## Records for this task
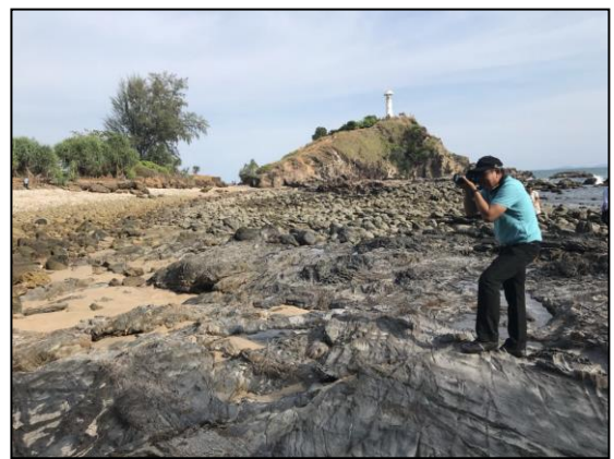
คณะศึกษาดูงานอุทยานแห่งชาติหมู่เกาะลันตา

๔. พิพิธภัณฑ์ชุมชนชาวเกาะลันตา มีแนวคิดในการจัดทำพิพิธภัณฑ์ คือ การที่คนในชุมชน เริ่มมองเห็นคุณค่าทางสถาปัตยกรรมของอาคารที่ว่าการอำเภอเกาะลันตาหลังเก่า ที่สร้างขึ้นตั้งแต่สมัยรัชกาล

---

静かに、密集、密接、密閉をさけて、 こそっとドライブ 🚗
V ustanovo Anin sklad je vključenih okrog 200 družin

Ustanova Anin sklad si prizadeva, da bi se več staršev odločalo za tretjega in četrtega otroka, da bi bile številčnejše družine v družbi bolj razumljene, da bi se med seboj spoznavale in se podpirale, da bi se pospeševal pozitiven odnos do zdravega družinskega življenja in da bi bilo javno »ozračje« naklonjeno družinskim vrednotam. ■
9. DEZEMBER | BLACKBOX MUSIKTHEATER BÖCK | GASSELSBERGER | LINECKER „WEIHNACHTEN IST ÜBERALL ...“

* * *

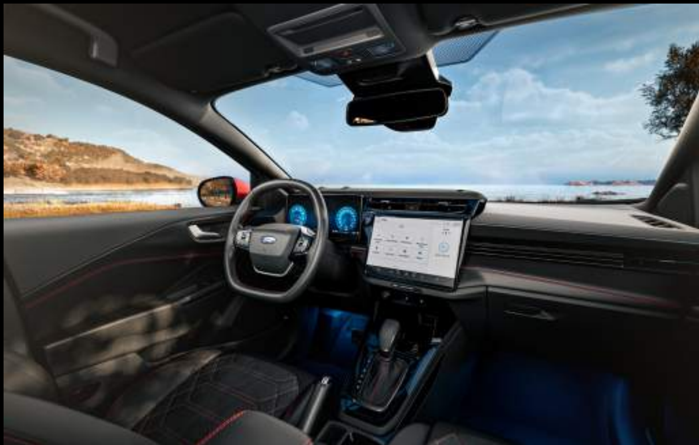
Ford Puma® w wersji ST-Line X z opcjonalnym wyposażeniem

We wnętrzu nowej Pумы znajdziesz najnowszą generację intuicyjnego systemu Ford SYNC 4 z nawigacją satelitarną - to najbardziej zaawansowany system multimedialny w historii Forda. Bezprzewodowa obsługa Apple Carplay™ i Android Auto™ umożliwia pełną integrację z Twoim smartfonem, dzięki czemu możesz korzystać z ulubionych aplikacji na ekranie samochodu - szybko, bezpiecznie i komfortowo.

## Problem requirements
Would you output, from the records above, exactly the run of lines that starts at the line containing "คณะศึกษาดูงานอุทยานแห่งชาติหมู่เกาะลันตา" and ends at the line containing "๔. พิพิธภัณฑ์ชุมชนชาวเกาะลันตา มีแนวคิดในการจัดทำพิพิธภัณฑ์", and only that run?

## Answer for this exercise
คณะศึกษาดูงานอุทยานแห่งชาติหมู่เกาะลันตา

๔. พิพิธภัณฑ์ชุมชนชาวเกาะลันตา มีแนวคิดในการจัดทำพิพิธภัณฑ์ คือ การที่คนในชุมชน เริ่มมองเห็นคุณค่าทางสถาปัตยกรรมของอาคารที่ว่าการอำเภอเกาะลันตาหลังเก่า ที่สร้างขึ้นตั้งแต่สมัยรัชกาล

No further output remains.